DATASET EXTRACT START
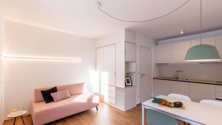 Die Ferienwohnung verfügt über einen Balkon mit Stadtblick, ein Schlafzimmer, ein Wohnzimmer, einen TV, eine gut ausgestattete Küche mit Kühlschrank und Geschirrspüler sowie ein Badezimmer mit Dusche. Handtücher und Bettwäsche werden bereitgestellt.
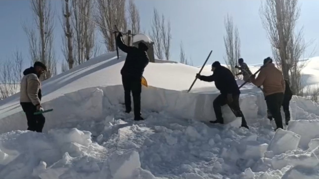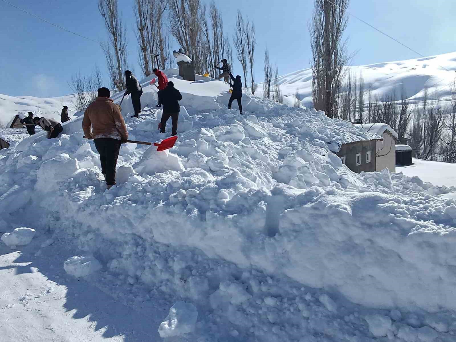 Hakkari’nin Yüksekova ilçesinde yoğun kar yağışının ardından karla kaplanan cami ve evlerin damları köy sakinlerince imece usulü temizlendi.
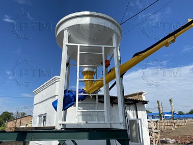 5. Склад цемента и подача в блок дозаторов. При необходимости завод комплектуется складом цемента (силосом или растаривателем биг бэгов). Силос или растариватель биг бэгов (опция) необходим для хранения цемента и различных сухих смесей. Транспортировка из силоса происходит с помощью шнекового конвейера. Силос необходимо подбирать из расчета трехдневного запаса цемента.
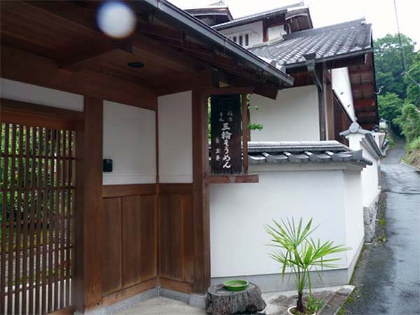 また本道にもどり少し行くと、八坂神社への道標があり、また山側へ入る。 神社への途中に、粋な素麺屋があった。 |
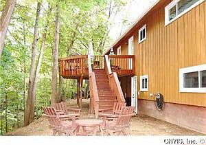 Adirondack setting surrounded by tall trees. Fabulous open floor plan, vaulted ceilings, hardwoods throughout, boasting 2,200 sq.ft. Formal dining room, fully equipped eat-in kitchen, grand sized family room. King sized master bedroom w/full bath. 2 more bedrooms in lower level with full bath. New roof, new windows, newer furnace, central air, freshly painted. Oversized 2-car garage.
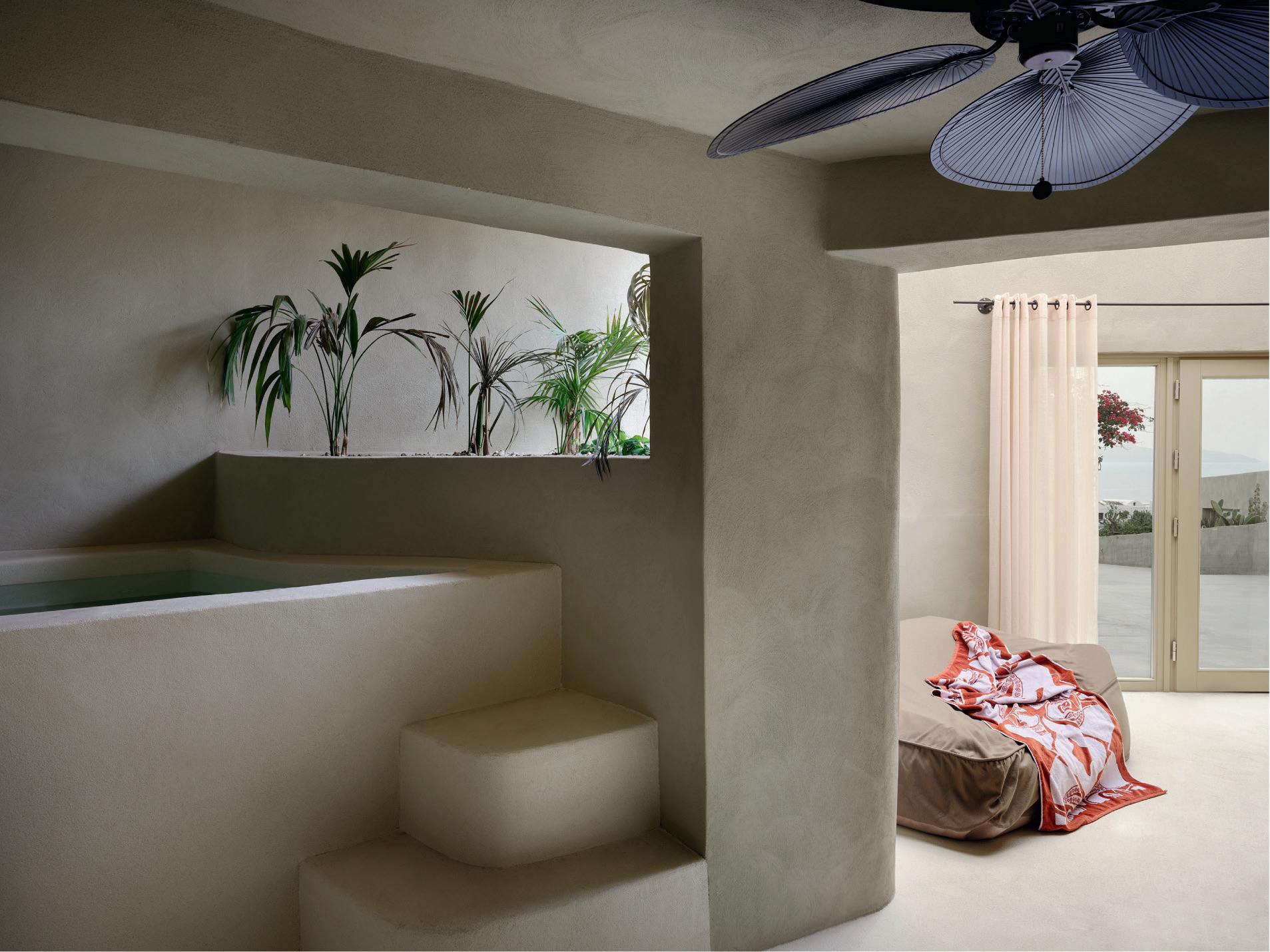Recently renovated, this open-plan suite features a private outdoor hot tub, creating the perfect setting for relaxation. With its serene design and spacious private veranda, it’s an ideal retreat for couples seeking an intimate and luxurious experience in Santorini.
DATASET EXTRACT END
EXERCISE INSTRUCTIONS
Return the entries unchanged, save for the pictures, which do not belong in the copy.

REPLY TO THE EXERCISE
 Die Ferienwohnung verfügt über einen Balkon mit Stadtblick, ein Schlafzimmer, ein Wohnzimmer, einen TV, eine gut ausgestattete Küche mit Kühlschrank und Geschirrspüler sowie ein Badezimmer mit Dusche. Handtücher und Bettwäsche werden bereitgestellt.
 Hakkari’nin Yüksekova ilçesinde yoğun kar yağışının ardından karla kaplanan cami ve evlerin damları köy sakinlerince imece usulü temizlendi.
 5. Склад цемента и подача в блок дозаторов. При необходимости завод комплектуется складом цемента (силосом или растаривателем биг бэгов). Силос или растариватель биг бэгов (опция) необходим для хранения цемента и различных сухих смесей. Транспортировка из силоса происходит с помощью шнекового конвейера. Силос необходимо подбирать из расчета трехдневного запаса цемента.
 また本道にもどり少し行くと、八坂神社への道標があり、また山側へ入る。 神社への途中に、粋な素麺屋があった。 |
 Adirondack setting surrounded by tall trees. Fabulous open floor plan, vaulted ceilings, hardwoods throughout, boasting 2,200 sq.ft. Formal dining room, fully equipped eat-in kitchen, grand sized family room. King sized master bedroom w/full bath. 2 more bedrooms in lower level with full bath. New roof, new windows, newer furnace, central air, freshly painted. Oversized 2-car garage.
Recently renovated, this open-plan suite features a private outdoor hot tub, creating the perfect setting for relaxation. With its serene design and spacious private veranda, it’s an ideal retreat for couples seeking an intimate and luxurious experience in Santorini.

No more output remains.